Being a new mother comes with a lot of demands and obligations. This is especially true when it comes to expressing milk for the baby, which must occur periodically throughout the day.
For new mothers that have returned to work, the Fair Labor Standards Act (FLSA) stipulates that employers must provide nursing breaks to women for a period of one year after giving birth. Here are a few things you should know about these laws.
Frequency and location of nursing breaks
Every woman is different when it comes to expressing milk for the purposes of nursing. Some will need to have breaks more often than others, so employers must work with the staff member to determine a break schedule that meets the woman’s needs. Additionally, the duration of each break is bound to vary day to day, so employers must remain flexible.
Choosing the right location is also important.

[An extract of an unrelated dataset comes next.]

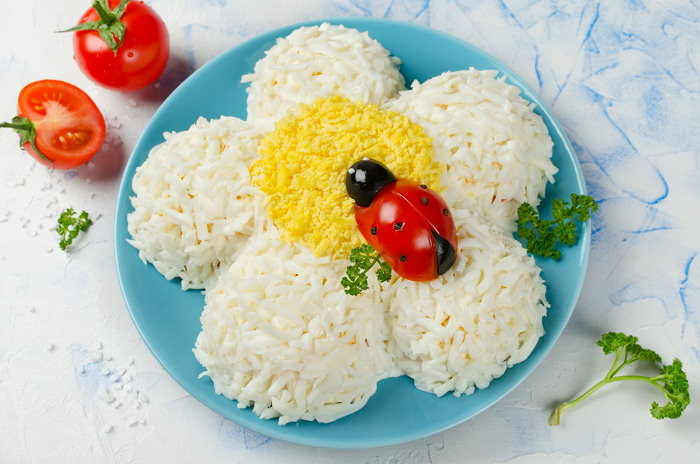 - Блюдо испортить практически нереально, но его важно красиво украсить, ведь должна получиться красивая ромашка. Ее можно сделать на всю поверхность верхнего слоя закуски или же сформировать маленькие цветочки на зеленой поляне.
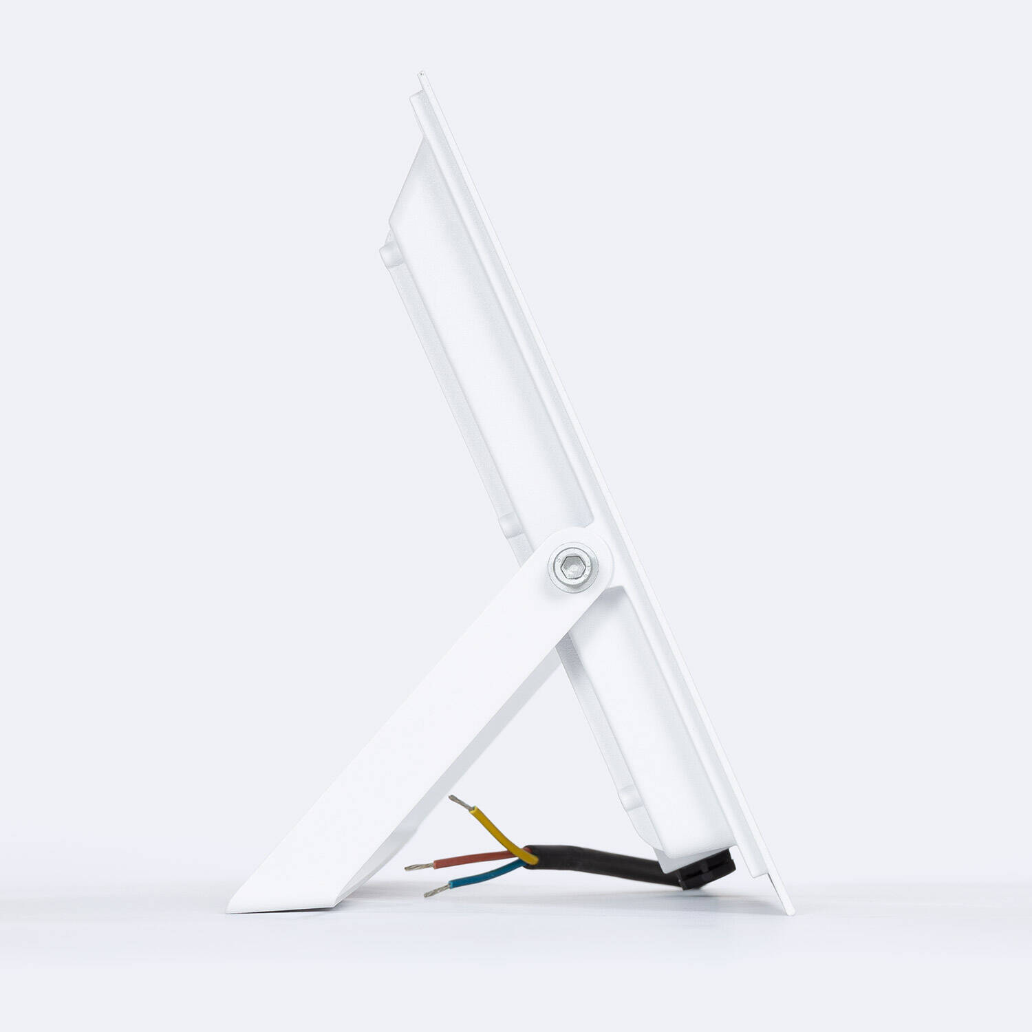 Le support ajustable permet une fixation en surface, murale ou sur poteau, s’adaptant aux contraintes du site. Son profil fin et sa couleur blanche facilitent une intégration discrète, tandis qu’un câble d’alimentation prédéfini simplifie la mise en œuvre sur site.

While the nursing mother does not a need permanent space to expel milk, they must have access to a private area free from disturbances. The bathroom is off-limits for nursing breaks, however, even if it is private.
Compensation for nursing breaks
Employers are not necessarily required to provide compensation for nursing breaks, unless certain circumstances apply. For example, if a woman uses a compensated break to express milk, she should still receive compensation for the break as she normally would. Additionally, a woman who performs work tasks while on a nursing break must also receive the sufficient amount of compensation.
If you feel your employer has violated your rights, you can file a complaint with your human resources department. Your employer is not allowed to take punitive action as a result of the complaint, such as by firing or demoting you.